Alcoholism is truly a family disease; it does not just affect the alcoholic. Your recovery from this will only begin when he is gone from your day to day life.
What did you learn about relationships when growing up?.
What is your definition of an alcoholic?. Some do act like your man, hold down jobs and drive. They do not all sit on park benches with paper bags.
This is basically a relationship that lurches and has lurched from one crisis to another; its never been stable for very long if at all. I doubt very much he will ever get around to marrying you either.

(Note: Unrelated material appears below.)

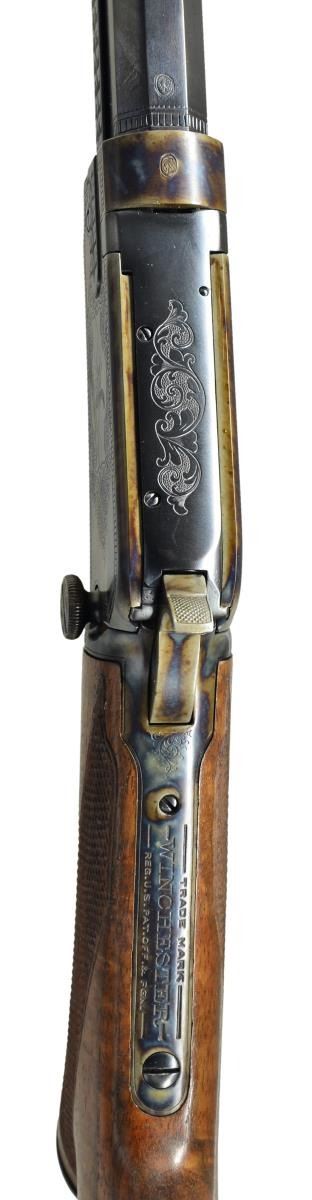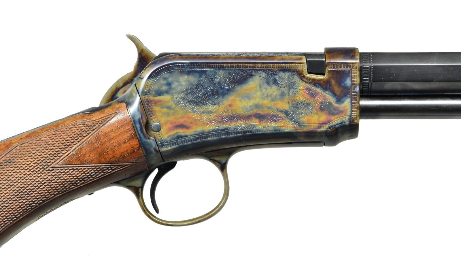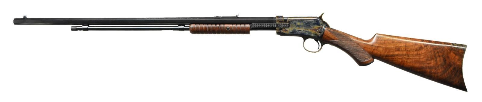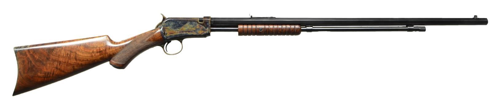 Cal. 22 L. S# 447576A. Bbl. 24” octagon. Case colored action has fine custom hand engraving. Scenes feature a rabbit on right side & squirrel on left surrounded by heart-shaped highlights & arabesque scroll. Rectangular chain borders continue to breech end of bbl. Additional scroll highlights are found on upper & lower tangs as well as top of breech block. Slide bar & slide bar cover have wheat grass pattern engraving. Custom small round grooved slide handle of fancy walnut. Fancy walnut custom stock features style H hand checkering, small round plastic grip cap & case colored crescent steel buttplate having complimentary engraving at heel. Mfg. 1911. CONDITION: very fine as refurbished. Bbl., mag. tube & breech block retain over 98% fine custom blue finish. Action & buttplate retain nearly all case coloring showing vivid blue, green, yellow & orange colors. Wood has very good custom finish. Lightly pitted bore retains intact rifling. (23-474/DS). CURIO. $5,000-8,000.

What do you get out of this relationship now?. What is in this for you?. If you are staying purely for the children you are basically showing them that on some level this is acceptable to you (and by turn they have to accept it as well). Any child will love a parent no matter how crap they actually are.
You are acting as many people do in such relationships with the alcoholic; as provoker and enabler. You also seem to act out co-dependent patterns in this relationship as well. Co-dependency often features heavily in such dysfunctional relationships.
I think life would be a lot calmer for you and these children if he was not in it day to day.
Is this really what you want to show them about relationships, that staying with an alcoholic is really the way forward?. You cannot stop him acting like a berk and you are not doing that either; what you are showing them is that this is acceptable to you.
He is likely self medicating any depression with drink but you forget here that alcohol is also a depressant. He is holding down a job, well for now anyway. He may well go onto lose that and everything and everyone around him and still continue to drink afterwards.
His father drank heavily and it is of no surprise whatsoever that his son, this man, is the same. Alcoholism can also be learnt.
He loves alcohol more than his children; they are certainly not at the top of his priority list. His next thoughts are centered around where the next drink is going to come from.
You and your children deserve a better life; they will also not thank you for staying with their dad should you choose to. They will despise you instead, perhaps even more than their own alcoholic father because they will be left with a raft of emotional problems pertaining to being a child of an alcoholic as a result.